Stored entries

-*-

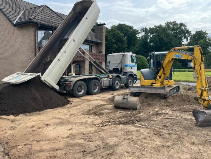 Ziemie dostarczamy samochodami typu wywrotka. Do dyspozycji mamy samochody małe typu bus, który wszędzie się zmieści, a jego szerokość to tylko 2.50m. Ładowność to aż 5 ton, więc jeśli zależy Ci na małej ilości ziemi, również ją dostarczymy.
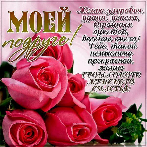 Моя дорогая подруга! Пусть исполнятся все твои желания, удачи тебе во всех делах и настоящего женского счастья. Сотни улыбок, солнечных дней и прекрасного настроения сегодня и всегда! С днем рождения!
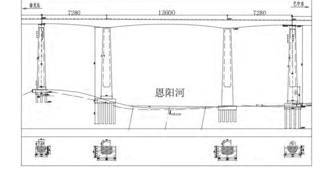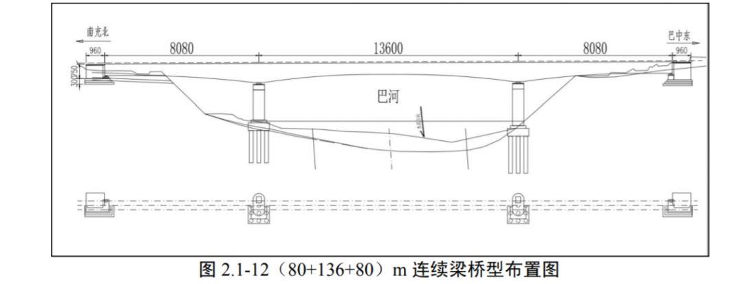 巴河大桥位于巴中市巴州区,桥址处为山区,地势起伏较大,植被较密。全桥孔跨采用( 80 + 136 + 80 ) m 连续梁,桥全长 317.10m 。
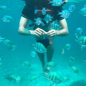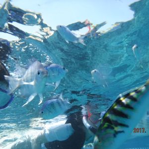 シュノーケルでは友達が先に上がったので、私1人の周りにエサを撒いてくだり、おかげで海の中で魚まみれになれました。
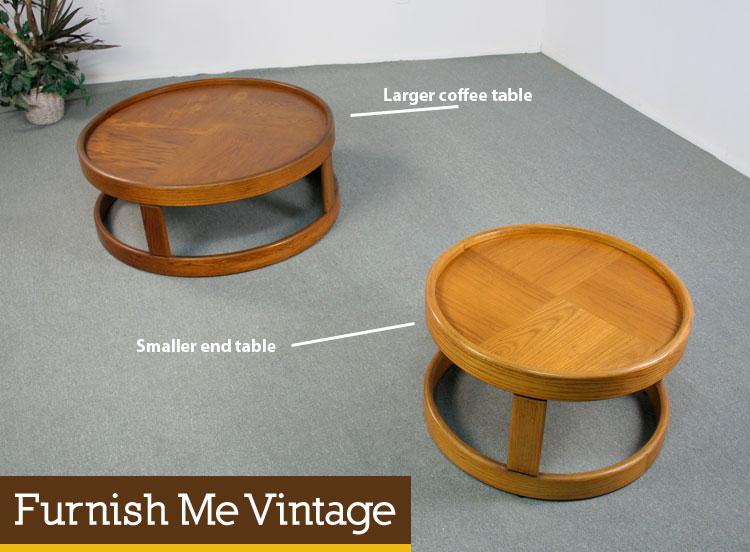 Retro 1970s era monumental circular coffee table and end table. Brutalist feel to the obtuse forms. Coffee table is larger and has a darker patina than the smaller, lighter end table. Both tables appear to be made of oak wood.
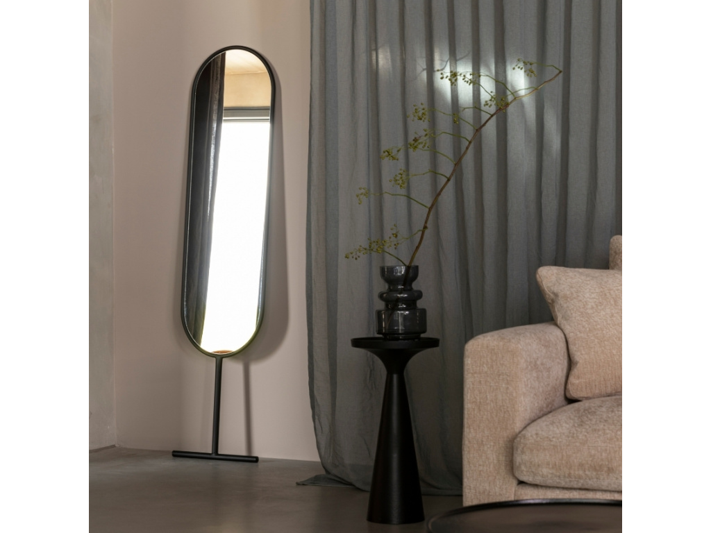Elegantní stojací zrcadlo ZUIVER TESS zaujme na první pohled svým čistým designem. Kovový rám v černé barvě působí luxusním dojmem, a dodá tak do vašeho interiéru jemný a praktický prvek, který oceníte. Zrcadlo se skvěle hodí do moderních i klasických interiérů, a to především díky nadčasovému vzhledu.
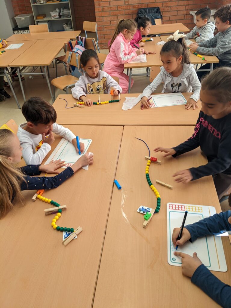 Els infants de primer cada vegada que volem aprendre un nou concepte matemàtic o una estratègia ho fem de forma manipulativa. Tenim cartes numèriques, peces multilink, un trenet amb boles de colors per aprendre a comptar, sumar i restar i una pissarra blanca individual per escriure les nostres solucions. Per començar la tutora ens proposa

-*-

▶ **WORK TO COMPLETE**
Set the pictures aside and reproduce the data above exactly.

▶ **YOUR RESPONSE**
 Ziemie dostarczamy samochodami typu wywrotka. Do dyspozycji mamy samochody małe typu bus, który wszędzie się zmieści, a jego szerokość to tylko 2.50m. Ładowność to aż 5 ton, więc jeśli zależy Ci na małej ilości ziemi, również ją dostarczymy.
 Моя дорогая подруга! Пусть исполнятся все твои желания, удачи тебе во всех делах и настоящего женского счастья. Сотни улыбок, солнечных дней и прекрасного настроения сегодня и всегда! С днем рождения!
 巴河大桥位于巴中市巴州区,桥址处为山区,地势起伏较大,植被较密。全桥孔跨采用( 80 + 136 + 80 ) m 连续梁,桥全长 317.10m 。
 シュノーケルでは友達が先に上がったので、私1人の周りにエサを撒いてくだり、おかげで海の中で魚まみれになれました。
 Retro 1970s era monumental circular coffee table and end table. Brutalist feel to the obtuse forms. Coffee table is larger and has a darker patina than the smaller, lighter end table. Both tables appear to be made of oak wood.
Elegantní stojací zrcadlo ZUIVER TESS zaujme na první pohled svým čistým designem. Kovový rám v černé barvě působí luxusním dojmem, a dodá tak do vašeho interiéru jemný a praktický prvek, který oceníte. Zrcadlo se skvěle hodí do moderních i klasických interiérů, a to především díky nadčasovému vzhledu.
 Els infants de primer cada vegada que volem aprendre un nou concepte matemàtic o una estratègia ho fem de forma manipulativa. Tenim cartes numèriques, peces multilink, un trenet amb boles de colors per aprendre a comptar, sumar i restar i una pissarra blanca individual per escriure les nostres solucions. Per començar la tutora ens proposa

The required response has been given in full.